Personal information
- Date of birth: 27 April 1991 (age 35)
- Place of birth: Našice, SR Croatia, SFR Yugoslavia
- Height: 1.88 m (6 ft 2 in)
- Position: Centre back

Team information
- Current team: HNK Đakovo Croatia
- Number: 25

Youth career
- 2002–2009: Osijek

Senior career*
- Years: Team / Apps / (Gls)
- 2010–2013: Osijek / 56 / (5)
- 2010–2011: → Suhopolje (loan) / 14 / (4)
- 2013–2016: Rijeka / 62 / (3)
- 2016–2021: Dinamo Zagreb / 51 / (3)
- 2020–2021: → Lokomotiva (loan) / 17 / (4)
- 2021–2024: Kerala Blasters / 48 / (1)
- 2024–2025: NK Slaven Belupo / 7 / (0)
- 2025–2026: NK Koprivnica

International career^{‡}
- 2009: Croatia U18 / 2 / (0)
- 2009–2010: Croatia U19 / 3 / (0)
- 2010–2011: Croatia U20 / 2 / (1)
- 2012–2013: Croatia U21 / 2 / (0)
- 2014–2017: Croatia / 4 / (0)

= Marko Lešković =

Croatian footballer (born 1991)

Marko Lešković (/hr/; born 27 April 1991) is a Croatian professional footballer who plays as a defender.

==Club career==
===Youth and early career===
====Osijek====
Lešković started his career playing at youth level for Osijek, with whom he signed a professional contract in December 2009. In the first part of the 2010–11 season he was loaned to Druga HNL side Suhopolje where he was featured in 14 games scoring four times.

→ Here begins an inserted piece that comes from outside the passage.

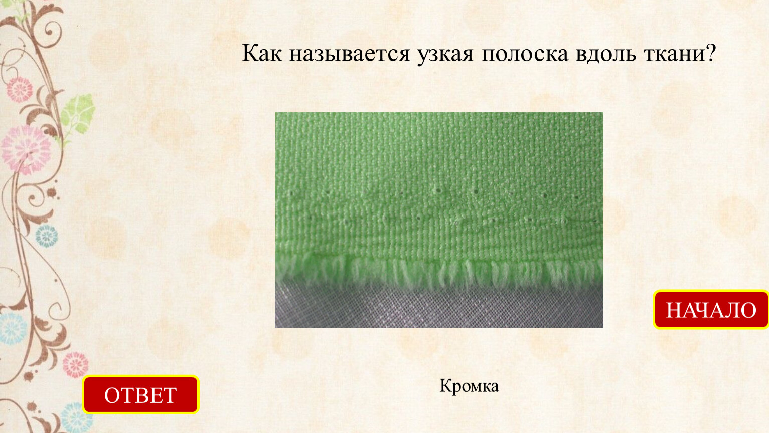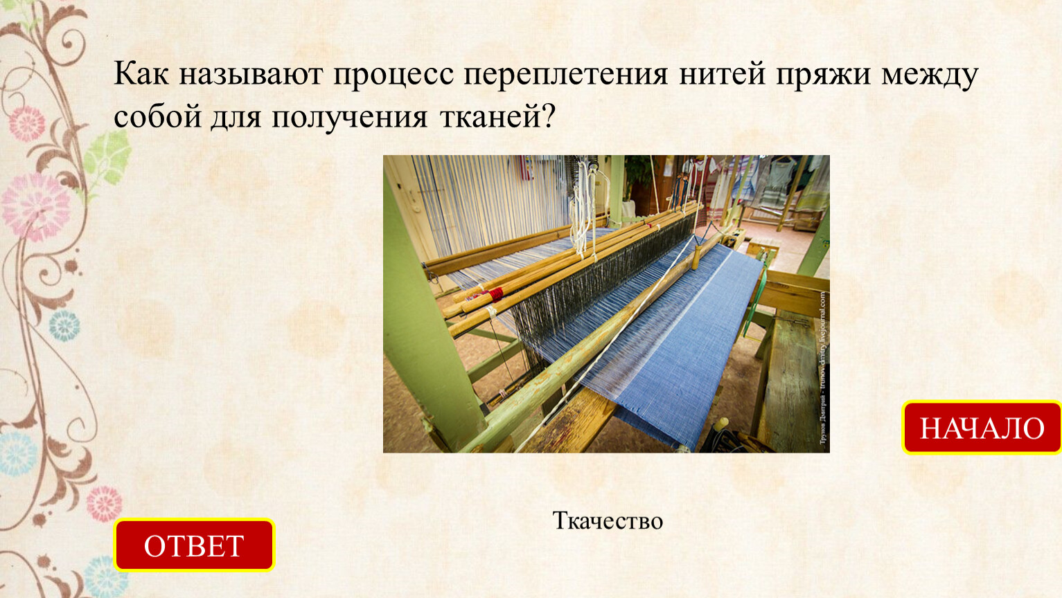 Как называют процесс переплетения нитей пряжи между собой для получения тканей?

He returned to Osijek after the winter break and made his debut for the first team as a late substitute in the 2–1 win against Istra 1961 on 5 March 2011. He made one further appearance that season. In the 2011–12 season, Lešković was much more involved in the first team, making eight starts and eleven appearances off the bench. He scored his first goal in Prva HNL in a 2–2 draw with NK Zagreb on 20 March 2012. In the 2012–13 season, Lešković made 35 appearances for Osijek, playing in a range of positions including LB, CB and DM. He also scored four goals in the league as his side finished in 8th position.

===Rijeka===
In the summer of 2013, finalised a transfer to HNK Rijeka, signing a four-year contract. Lešković managed 25 appearances in his first season. The following season, Marko made 41 appearances as Rijeka qualified for the group stages of the Europa League and finished runners up in the 1. HNL.

===Dinamo Zagreb===
In July 2016, after three seasons with Rijeka, Lešković was transferred to Dinamo Zagreb. In January 2021, Lešković was loaned out to NK Lokomotiva until the end of the season.

===Kerala Blasters===
On 15 September 2021, Kerala Blasters announced that Lešković had joined the Indian Super League club on a one-year deal. He made his debut for the club on 19 November in the 2021–22 Indian Super League season opener against ATK Mohun Bagan FC, which they lost 4–2. He formed a formidable and successful partnership with Hormipam Ruivah and emerged as one of the best centre back pairs in the league. After a successful individual and collective season, Lešković signed a two-year contract extension for the Blasters until 2024 on 5 May 2022. On 11 November 2022, he scored his debut goal for the Blasters against the southern rivals Bengaluru FC, where he scored in the 25th minute as the Blasters won the match 3–2 at ful-time. Lešković missed the match against Mumbai City FC on 8 January 2023 due to a muscle injury. Later on 21 January, the Blasters' head coach Ivan Vukamanovic confirmed that Lešković has suffered small strain in his calf muscle and is expected to be out of action for a month. He came back from injury on 18 February 2023 against ATK Mohun Bagan in a 2–1 loss, by coming as a substitute in the 83rd minute for the goal-scorer Dimitrios Diamantakos.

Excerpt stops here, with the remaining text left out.